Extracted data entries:

============

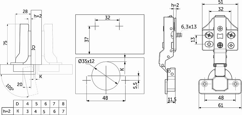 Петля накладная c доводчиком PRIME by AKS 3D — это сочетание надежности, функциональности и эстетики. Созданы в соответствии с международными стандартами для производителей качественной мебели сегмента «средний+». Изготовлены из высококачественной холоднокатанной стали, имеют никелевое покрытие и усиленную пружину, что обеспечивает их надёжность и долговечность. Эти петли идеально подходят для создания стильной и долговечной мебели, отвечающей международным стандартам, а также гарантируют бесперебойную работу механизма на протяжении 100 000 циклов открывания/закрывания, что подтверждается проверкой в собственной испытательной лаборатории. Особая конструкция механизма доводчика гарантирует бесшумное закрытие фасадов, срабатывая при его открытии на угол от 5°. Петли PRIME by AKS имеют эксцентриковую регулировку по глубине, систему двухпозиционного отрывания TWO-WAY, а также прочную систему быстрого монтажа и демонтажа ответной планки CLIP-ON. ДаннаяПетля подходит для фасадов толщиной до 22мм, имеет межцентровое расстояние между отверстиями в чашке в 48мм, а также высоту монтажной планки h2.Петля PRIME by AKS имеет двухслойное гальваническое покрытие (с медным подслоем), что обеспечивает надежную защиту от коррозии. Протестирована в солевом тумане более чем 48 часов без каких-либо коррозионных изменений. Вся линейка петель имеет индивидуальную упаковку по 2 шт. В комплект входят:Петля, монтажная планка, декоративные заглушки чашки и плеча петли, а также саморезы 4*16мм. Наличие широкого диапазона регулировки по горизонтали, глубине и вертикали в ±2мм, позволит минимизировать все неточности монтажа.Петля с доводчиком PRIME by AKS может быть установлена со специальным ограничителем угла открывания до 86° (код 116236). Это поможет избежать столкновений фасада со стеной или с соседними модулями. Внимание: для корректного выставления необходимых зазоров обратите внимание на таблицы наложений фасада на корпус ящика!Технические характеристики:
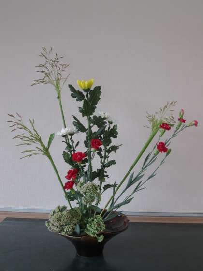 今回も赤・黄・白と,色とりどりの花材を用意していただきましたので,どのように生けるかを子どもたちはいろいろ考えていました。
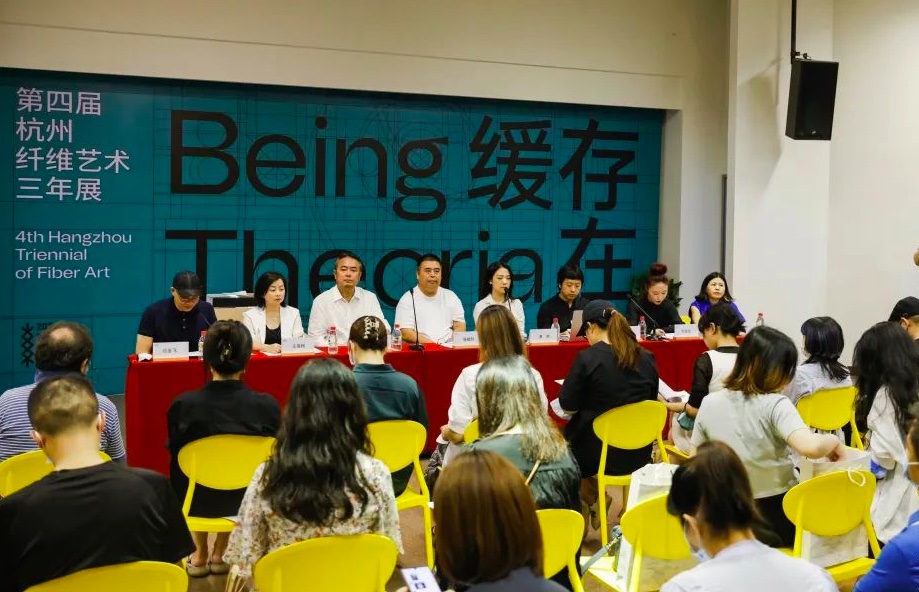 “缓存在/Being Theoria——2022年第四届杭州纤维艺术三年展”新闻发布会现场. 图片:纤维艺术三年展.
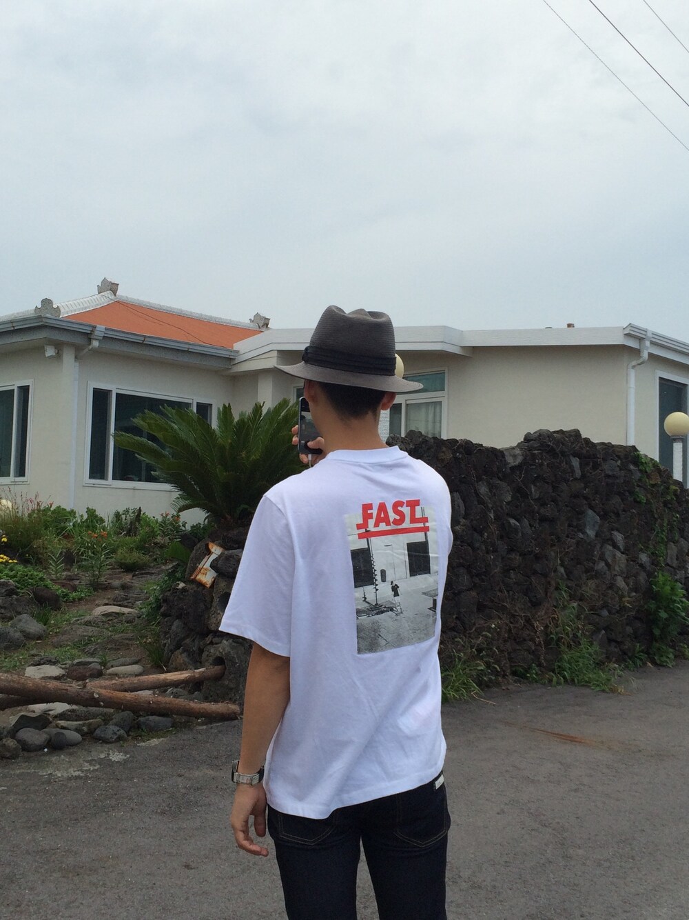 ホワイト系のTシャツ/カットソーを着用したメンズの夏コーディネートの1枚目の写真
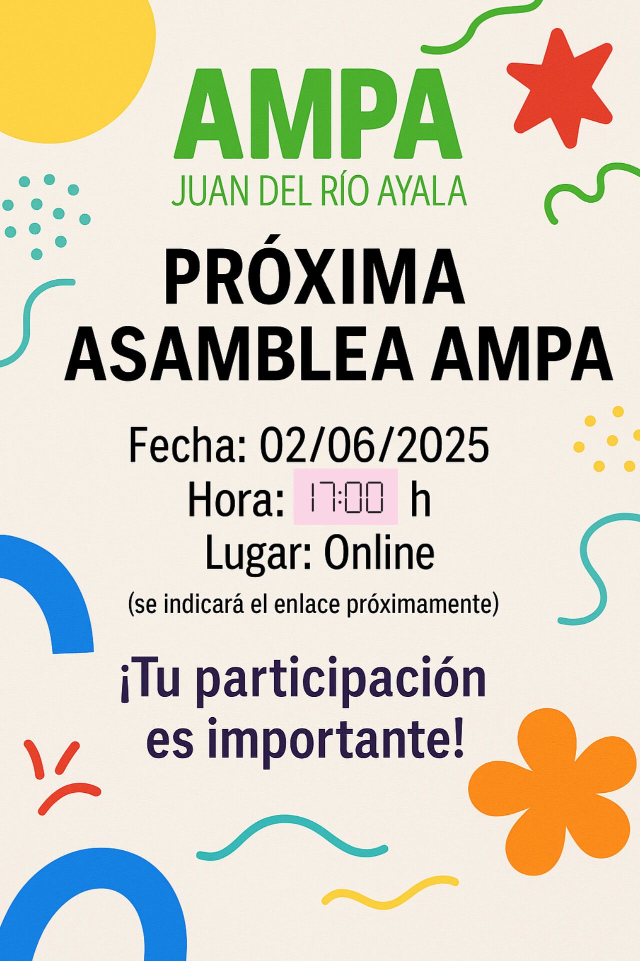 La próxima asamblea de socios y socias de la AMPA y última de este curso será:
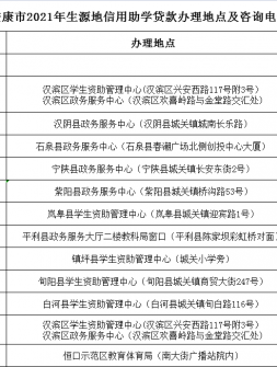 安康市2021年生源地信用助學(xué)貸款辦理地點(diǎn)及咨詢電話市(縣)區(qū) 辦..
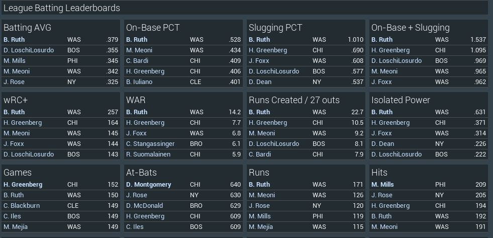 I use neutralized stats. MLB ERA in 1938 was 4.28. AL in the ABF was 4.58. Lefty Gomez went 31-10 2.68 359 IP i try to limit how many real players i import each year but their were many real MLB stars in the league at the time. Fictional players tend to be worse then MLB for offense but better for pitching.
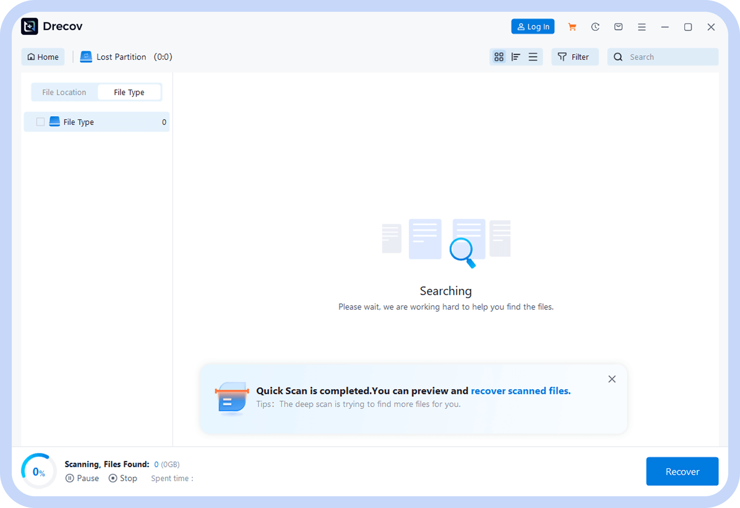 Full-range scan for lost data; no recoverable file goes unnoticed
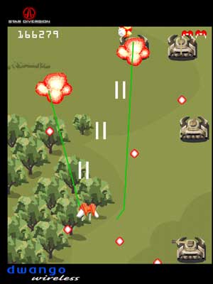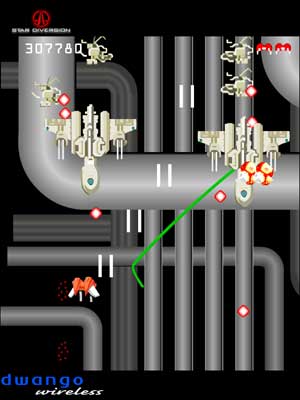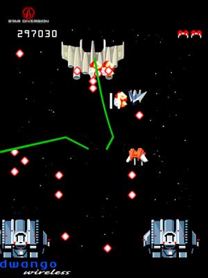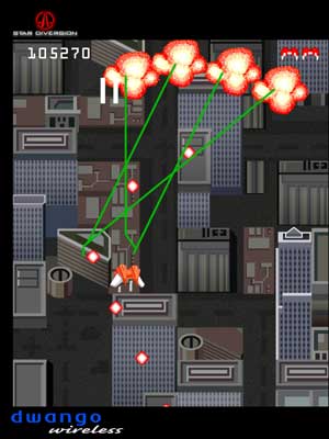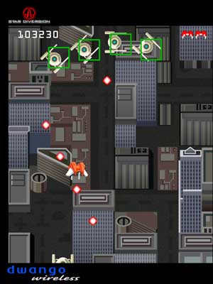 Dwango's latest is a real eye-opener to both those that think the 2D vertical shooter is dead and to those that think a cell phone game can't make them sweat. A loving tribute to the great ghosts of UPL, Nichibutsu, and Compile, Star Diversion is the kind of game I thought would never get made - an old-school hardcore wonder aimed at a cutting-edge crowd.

============

= Aim of the exercise =
Would you return the records exactly, keeping out every picture?

= Result =
 Петля накладная c доводчиком PRIME by AKS 3D — это сочетание надежности, функциональности и эстетики. Созданы в соответствии с международными стандартами для производителей качественной мебели сегмента «средний+». Изготовлены из высококачественной холоднокатанной стали, имеют никелевое покрытие и усиленную пружину, что обеспечивает их надёжность и долговечность. Эти петли идеально подходят для создания стильной и долговечной мебели, отвечающей международным стандартам, а также гарантируют бесперебойную работу механизма на протяжении 100 000 циклов открывания/закрывания, что подтверждается проверкой в собственной испытательной лаборатории. Особая конструкция механизма доводчика гарантирует бесшумное закрытие фасадов, срабатывая при его открытии на угол от 5°. Петли PRIME by AKS имеют эксцентриковую регулировку по глубине, систему двухпозиционного отрывания TWO-WAY, а также прочную систему быстрого монтажа и демонтажа ответной планки CLIP-ON. ДаннаяПетля подходит для фасадов толщиной до 22мм, имеет межцентровое расстояние между отверстиями в чашке в 48мм, а также высоту монтажной планки h2.Петля PRIME by AKS имеет двухслойное гальваническое покрытие (с медным подслоем), что обеспечивает надежную защиту от коррозии. Протестирована в солевом тумане более чем 48 часов без каких-либо коррозионных изменений. Вся линейка петель имеет индивидуальную упаковку по 2 шт. В комплект входят:Петля, монтажная планка, декоративные заглушки чашки и плеча петли, а также саморезы 4*16мм. Наличие широкого диапазона регулировки по горизонтали, глубине и вертикали в ±2мм, позволит минимизировать все неточности монтажа.Петля с доводчиком PRIME by AKS может быть установлена со специальным ограничителем угла открывания до 86° (код 116236). Это поможет избежать столкновений фасада со стеной или с соседними модулями. Внимание: для корректного выставления необходимых зазоров обратите внимание на таблицы наложений фасада на корпус ящика!Технические характеристики:
 今回も赤・黄・白と,色とりどりの花材を用意していただきましたので,どのように生けるかを子どもたちはいろいろ考えていました。
 “缓存在/Being Theoria——2022年第四届杭州纤维艺术三年展”新闻发布会现场. 图片:纤维艺术三年展.
 ホワイト系のTシャツ/カットソーを着用したメンズの夏コーディネートの1枚目の写真
 La próxima asamblea de socios y socias de la AMPA y última de este curso será:
 安康市2021年生源地信用助學(xué)貸款辦理地點(diǎn)及咨詢電話市(縣)區(qū) 辦..
 I use neutralized stats. MLB ERA in 1938 was 4.28. AL in the ABF was 4.58. Lefty Gomez went 31-10 2.68 359 IP i try to limit how many real players i import each year but their were many real MLB stars in the league at the time. Fictional players tend to be worse then MLB for offense but better for pitching.
 Full-range scan for lost data; no recoverable file goes unnoticed
 Dwango's latest is a real eye-opener to both those that think the 2D vertical shooter is dead and to those that think a cell phone game can't make them sweat. A loving tribute to the great ghosts of UPL, Nichibutsu, and Compile, Star Diversion is the kind of game I thought would never get made - an old-school hardcore wonder aimed at a cutting-edge crowd.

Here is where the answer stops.